» **WHAT TO PRODUCE**: Below are records with pictures in them. Transcribe everything from the line containing "石墨板適應(yīng)需求趨" down to the line containing "- Adhesive Cable", exactly, and leave the pictures behind.

» **SUPPLIED DATA**:
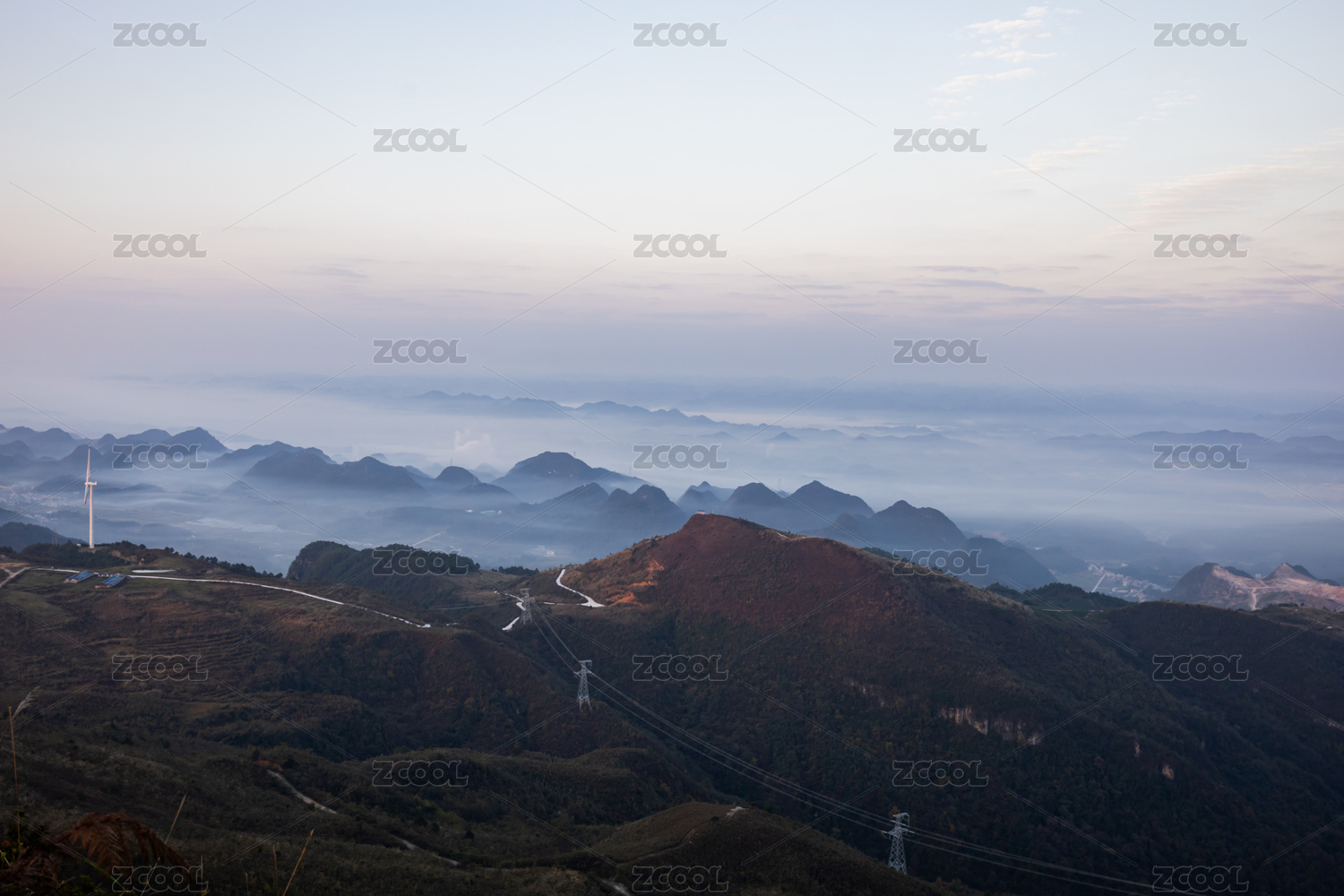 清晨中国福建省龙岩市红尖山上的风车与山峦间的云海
---
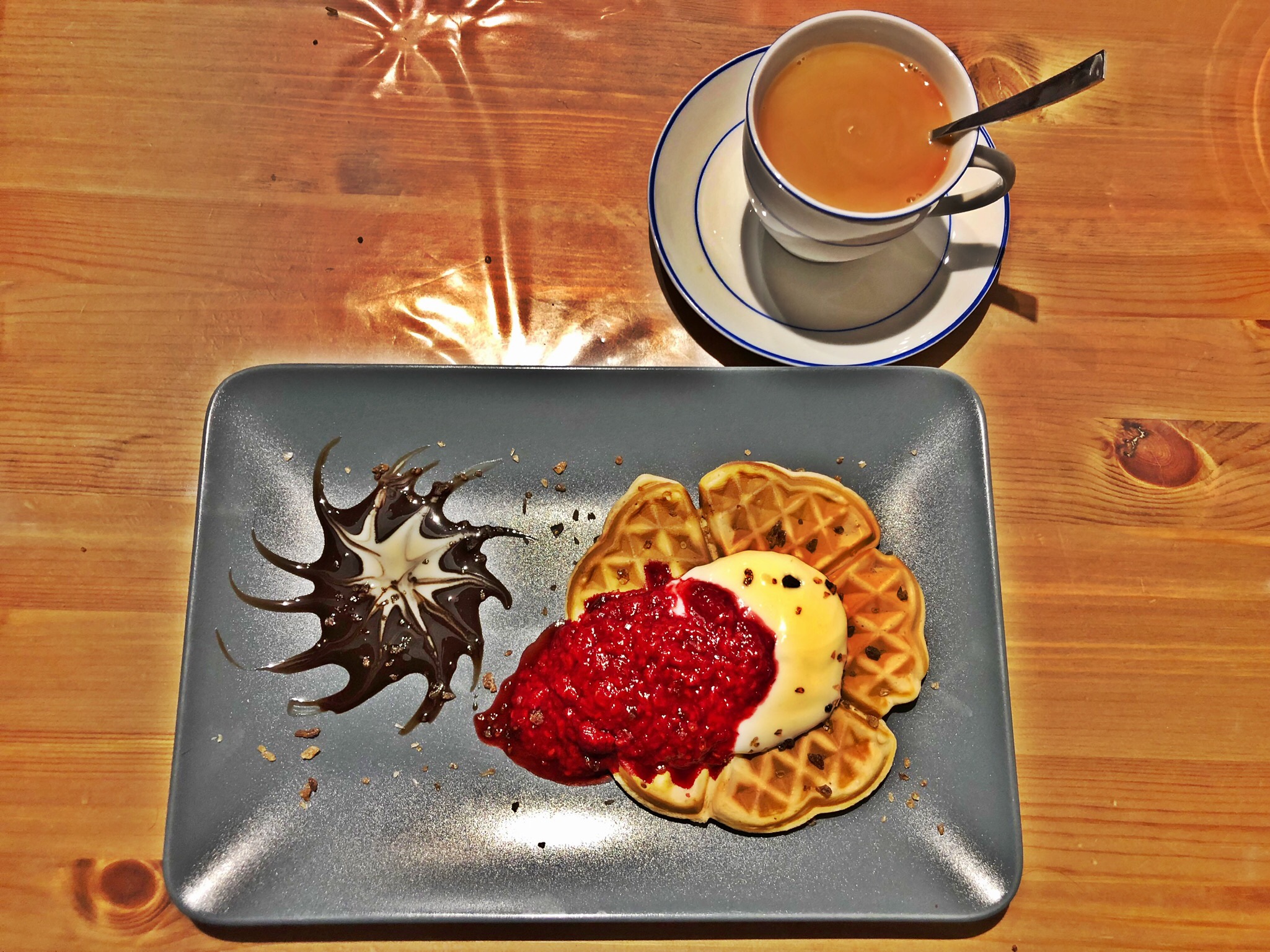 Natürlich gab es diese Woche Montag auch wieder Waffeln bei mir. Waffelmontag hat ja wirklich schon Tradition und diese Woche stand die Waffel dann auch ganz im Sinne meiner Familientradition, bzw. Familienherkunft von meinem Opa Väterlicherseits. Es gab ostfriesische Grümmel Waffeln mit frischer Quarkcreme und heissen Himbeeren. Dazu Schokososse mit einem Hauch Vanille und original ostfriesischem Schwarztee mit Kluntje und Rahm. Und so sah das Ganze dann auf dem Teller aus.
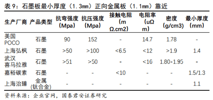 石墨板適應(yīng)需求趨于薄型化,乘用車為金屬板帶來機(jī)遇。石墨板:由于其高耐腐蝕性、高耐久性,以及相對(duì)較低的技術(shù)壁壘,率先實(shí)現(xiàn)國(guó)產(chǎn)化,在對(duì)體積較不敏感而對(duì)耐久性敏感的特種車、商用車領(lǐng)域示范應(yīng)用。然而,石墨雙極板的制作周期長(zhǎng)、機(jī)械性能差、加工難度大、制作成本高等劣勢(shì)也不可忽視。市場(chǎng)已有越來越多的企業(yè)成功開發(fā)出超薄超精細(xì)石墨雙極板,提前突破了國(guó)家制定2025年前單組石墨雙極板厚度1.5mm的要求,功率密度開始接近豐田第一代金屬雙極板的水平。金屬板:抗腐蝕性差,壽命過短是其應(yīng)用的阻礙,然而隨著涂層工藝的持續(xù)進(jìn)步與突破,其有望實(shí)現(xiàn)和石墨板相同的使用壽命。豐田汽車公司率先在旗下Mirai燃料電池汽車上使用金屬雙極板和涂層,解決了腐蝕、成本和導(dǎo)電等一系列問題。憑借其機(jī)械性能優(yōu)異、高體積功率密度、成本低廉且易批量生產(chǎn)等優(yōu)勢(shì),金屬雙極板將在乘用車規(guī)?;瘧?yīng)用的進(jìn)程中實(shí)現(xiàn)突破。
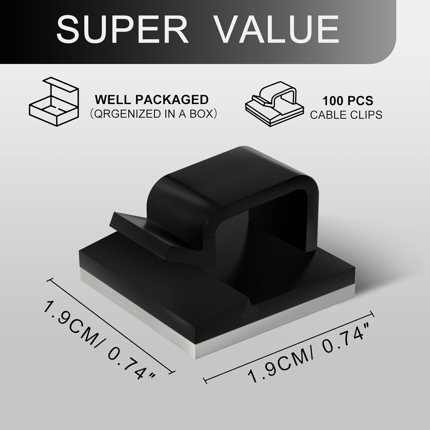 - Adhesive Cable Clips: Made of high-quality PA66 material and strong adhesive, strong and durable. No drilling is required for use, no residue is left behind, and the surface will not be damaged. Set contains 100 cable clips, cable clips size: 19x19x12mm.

» **ANSWER BOX**:
 石墨板適應(yīng)需求趨于薄型化,乘用車為金屬板帶來機(jī)遇。石墨板:由于其高耐腐蝕性、高耐久性,以及相對(duì)較低的技術(shù)壁壘,率先實(shí)現(xiàn)國(guó)產(chǎn)化,在對(duì)體積較不敏感而對(duì)耐久性敏感的特種車、商用車領(lǐng)域示范應(yīng)用。然而,石墨雙極板的制作周期長(zhǎng)、機(jī)械性能差、加工難度大、制作成本高等劣勢(shì)也不可忽視。市場(chǎng)已有越來越多的企業(yè)成功開發(fā)出超薄超精細(xì)石墨雙極板,提前突破了國(guó)家制定2025年前單組石墨雙極板厚度1.5mm的要求,功率密度開始接近豐田第一代金屬雙極板的水平。金屬板:抗腐蝕性差,壽命過短是其應(yīng)用的阻礙,然而隨著涂層工藝的持續(xù)進(jìn)步與突破,其有望實(shí)現(xiàn)和石墨板相同的使用壽命。豐田汽車公司率先在旗下Mirai燃料電池汽車上使用金屬雙極板和涂層,解決了腐蝕、成本和導(dǎo)電等一系列問題。憑借其機(jī)械性能優(yōu)異、高體積功率密度、成本低廉且易批量生產(chǎn)等優(yōu)勢(shì),金屬雙極板將在乘用車規(guī)?;瘧?yīng)用的進(jìn)程中實(shí)現(xiàn)突破。
 - Adhesive Cable Clips: Made of high-quality PA66 material and strong adhesive, strong and durable. No drilling is required for use, no residue is left behind, and the surface will not be damaged. Set contains 100 cable clips, cable clips size: 19x19x12mm.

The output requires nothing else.